- Official film poster
- Directed by: Rajdeep Paul Sarmistha Maiti
- Written by: Rajdeep Paul Sarmistha Maiti
- Release date: 13 December 2024;
- Country: India
- Language: Bengali

= Mon Potongo =

Mon Potongo is a 2024 Bengali-language drama film directed and written by Rajdeep Paul and Sarmistha Maiti. The film stars Subhankar Mohanta, Baishakhi Roy, Seema Biswas, Joy Sengupta, Tannistha Biswas, Anindita Ghosh and Amit Saha.

== Cast ==
- Subhankar Mohanta as Hasan
- Baishakhi Roy as Lokkhi
- Seema Biswas as Josna
- Joy Sengupta as Amitabha
- Tannistha Biswas as Rumi
- Anindita Ghosh as Pinky
- Amit Saha as Bapon

== Plot ==
Mon Potongo follows Hasan and Lokkhi, two young labourers from different religious backgrounds who form a close bond while struggling with poverty and social tensions.

== Reception ==
The film received positive reviews from several critics.
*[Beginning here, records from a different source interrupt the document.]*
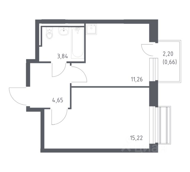 Продаётся 1-комнатная квартира 374, площадью 33,37 м², на 2 этаже в ЖК "Притяжение Сити" корпус 8. Стоимость — от 7791940 руб. Квартира без отделки, планировка односторонняя, окна во двор.
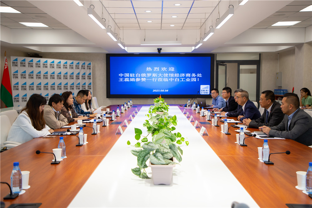 會(huì)談上,李鐘漢總經(jīng)理向王蕊娟參贊表示歡迎,并就使館長(zhǎng)期以來關(guān)注和支持園區(qū)發(fā)展表示衷心感謝。隨后,他詳細(xì)介紹了園區(qū)近兩年圍繞公司核心戰(zhàn)略目標(biāo)所做的工作以及園區(qū)在招商引資及企業(yè)運(yùn)營(yíng)方面所取得的進(jìn)展。王蕊娟參贊對(duì)園區(qū)招商引資及新興業(yè)務(wù)的發(fā)展表示肯定,她表示,園區(qū)開發(fā)公司作為中白工業(yè)園的運(yùn)營(yíng)機(jī)構(gòu),不僅承擔(dān)自身企業(yè)發(fā)展的使命,也肩負(fù)著推動(dòng)園區(qū)共同發(fā)展的使命,希望開發(fā)公司能找準(zhǔn)園區(qū)定位,繼續(xù)加強(qiáng)入園企業(yè)服務(wù),并主動(dòng)為企業(yè)調(diào)研和尋找市場(chǎng),推動(dòng)園區(qū)的高質(zhì)量發(fā)展。
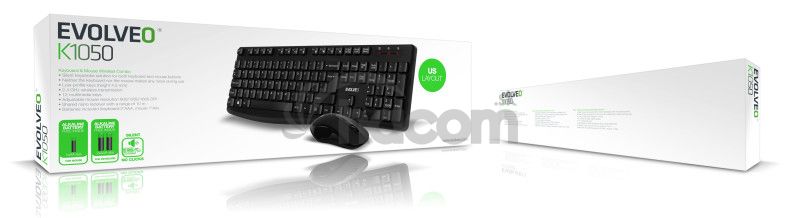 EVOLVEO K1050, tichý set bezdr. klávesnice a myši, US INTL, čierna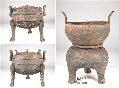 左上、左下:武王墩墓出土的铜鼎 右:武王墩墓出土的铜甗(yǎn)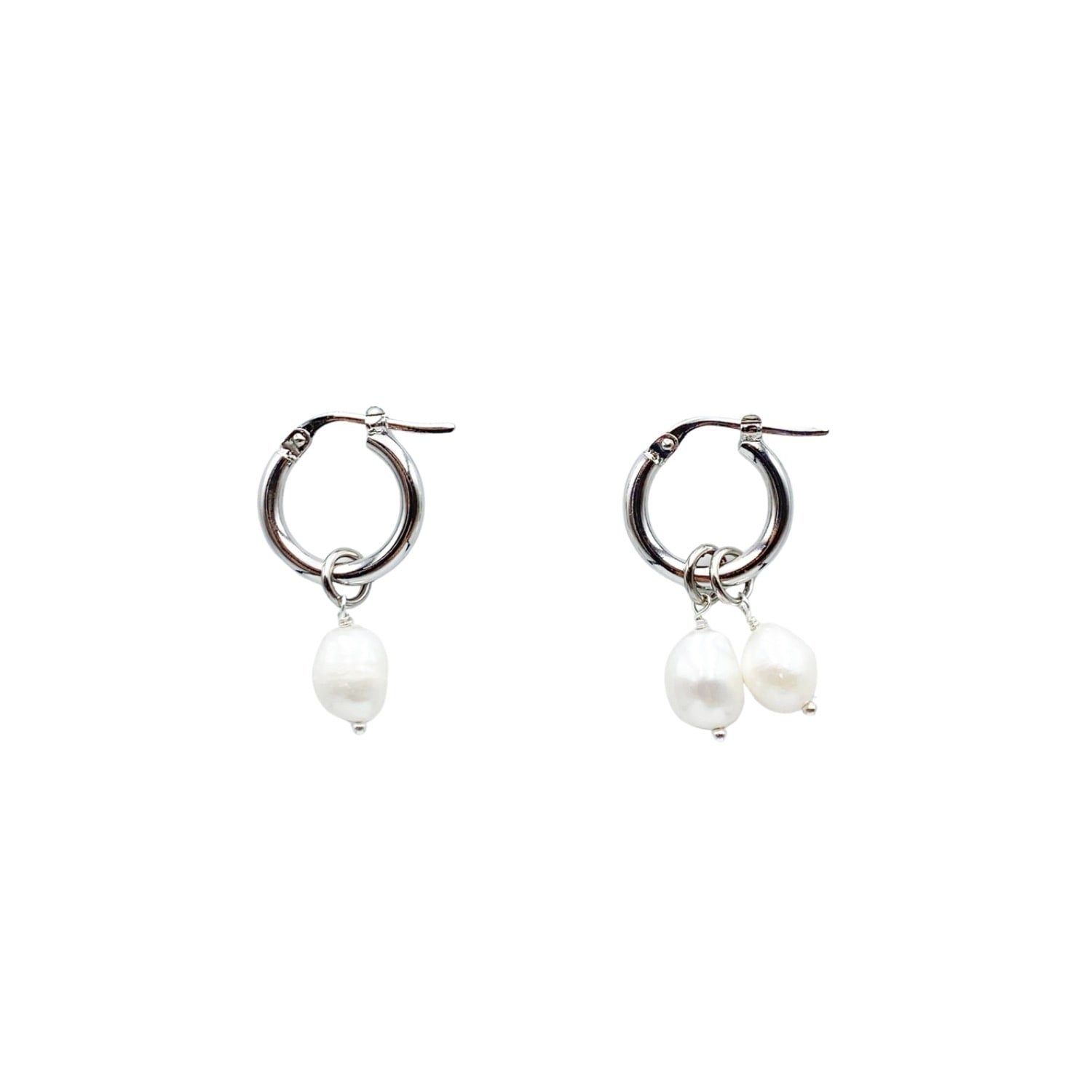 These hoop earrings are crafted from palladium-plated brass and freshwater pearls. The hoops measure 12mm.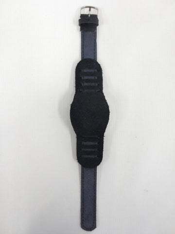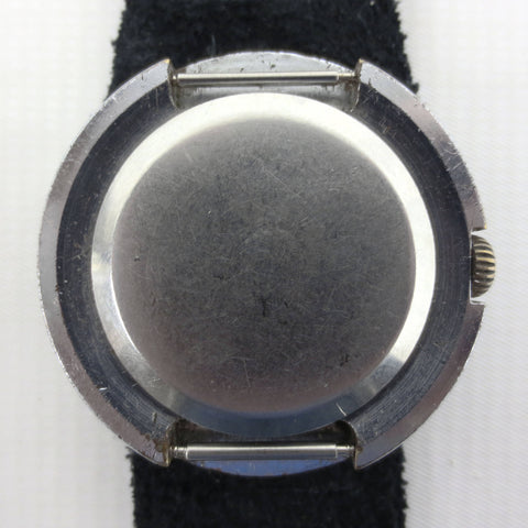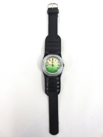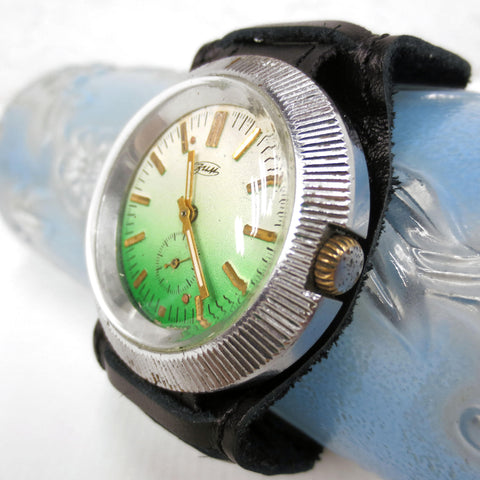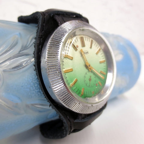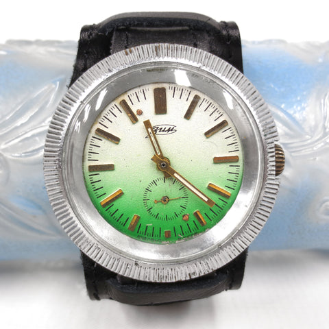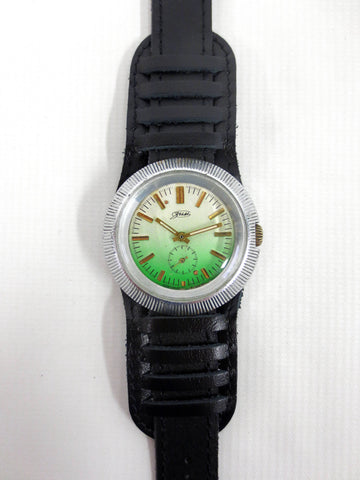Remarkable condition, fully functional, ready to wear. This is a vintage 1970's ZIM Pobeda hand wind and silver tone watch from Russia. Large 43 mm diameter round case with a green and white gradient dial and gold arms. It has a black pilot leather band from Russia, size 18, 10 1/4 inches long. Crystal and case are in excellent condition, no cracks, no stains. Heavy and comfortable watch, cool flying saucer design.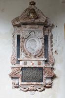 After 25th July 1666. Church of St Michael and All Angels, Edenham [Map]. Monument to Montagu Bertie 2nd Earl Lindsey (deceased). Two adjacent memorial tablets have moulded base and cornice and are surmounted by the Cartouche of arms and the Ancaster cannon. To the sides are military trophies in high relief and at the base, arms, anchors and helms.[Source: BLB].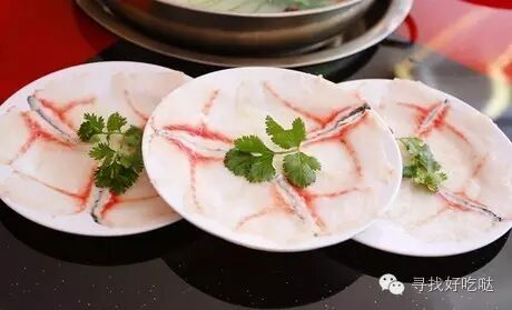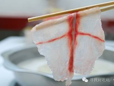 大厨的刀工十分了得,鱼片片得薄如蝉翼,薄薄的鱼片只要在锅中涮上3秒,立刻卷曲泛白,这时候吃鱼肉最是鲜嫩。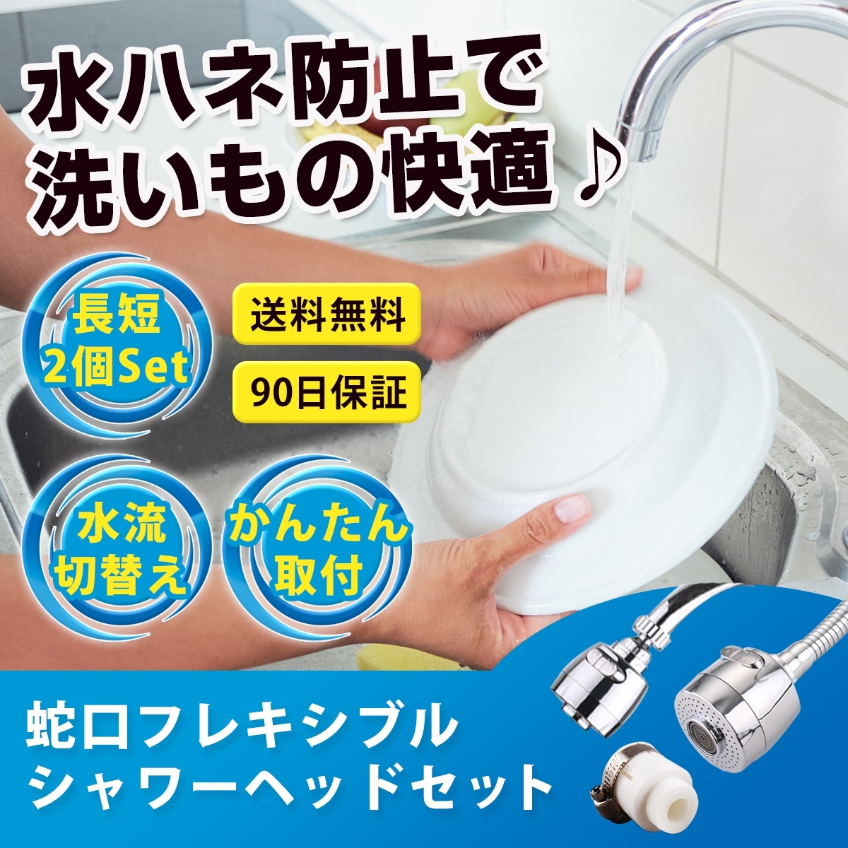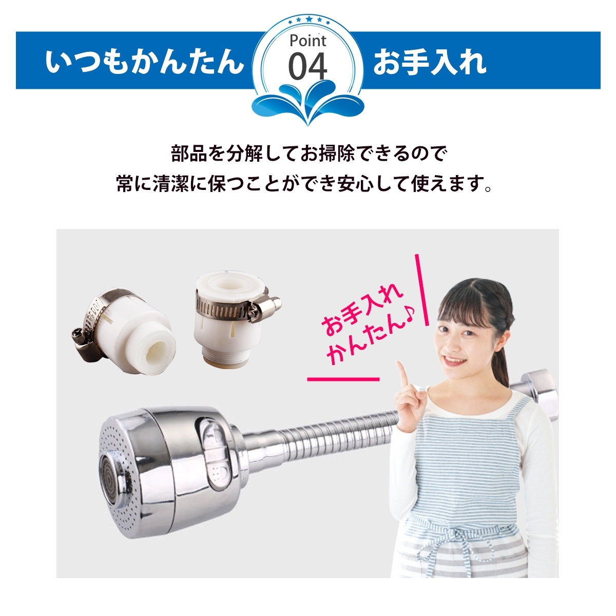 簡単かつスピーディーに取り付けでき、キッチン・洗面台・浴室の蛇口などでの作業が快適に。

Sangbad Pratidin praised its themes of dreams, hardship and life on the streets.

The Wall praised the direction, performances of Subhankar Mohanta and Baishakhi Roy, cinematography, and the film's portrayal of marginalised people. The Times of India, director Sarmistha Maiti described Mon Potongo as a story about desire and the pursuit of dreams beyond social identity.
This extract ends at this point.